| INFORMATION PROVIDED |

━━━━━━━━

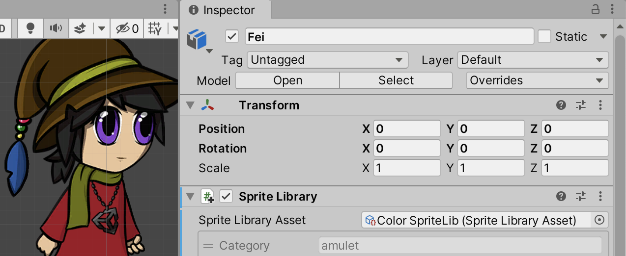 5. Drag the color Model Prefab into the Scene view, and go to the root GameObject. Add a [Sprite Library component](SLAsset.md#sprite-library-component) to the root GameObject and assign the color Sprite Library Asset created in step 3 to the **Sprite Library Asset** property.
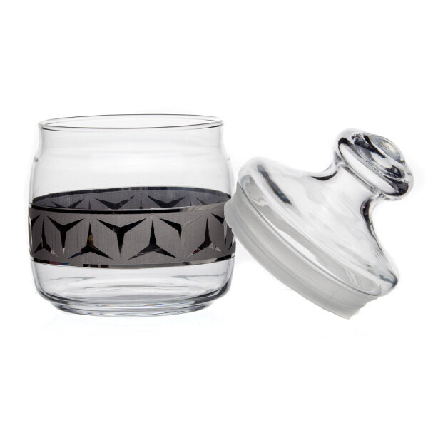 Банка стеклянная декорированная объем 600 мл. Предназначена для хранения сыпучих продуктов.
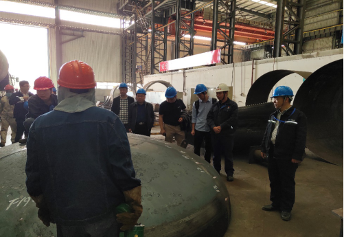 彭教授一行人首先来到九江海天设备有限公司参观成品车间,了解产品的种类、参数及性能。随后到附近的中船锅炉公司参观锅炉和燃烧器车间,仔细了解锅炉的类型及用途。然后来到中船阀门成套设备有限公司,详细了解了多种高性能阀门的工艺参数和用途。

━━━━━━━━

| ACTIVITY |
The answer should consist only of the lines from the line with "Банка стеклянная декорированная" through the last line of the data, repeated exactly; pictures stay out.

| THE ANSWER |
 Банка стеклянная декорированная объем 600 мл. Предназначена для хранения сыпучих продуктов.
 彭教授一行人首先来到九江海天设备有限公司参观成品车间,了解产品的种类、参数及性能。随后到附近的中船锅炉公司参观锅炉和燃烧器车间,仔细了解锅炉的类型及用途。然后来到中船阀门成套设备有限公司,详细了解了多种高性能阀门的工艺参数和用途。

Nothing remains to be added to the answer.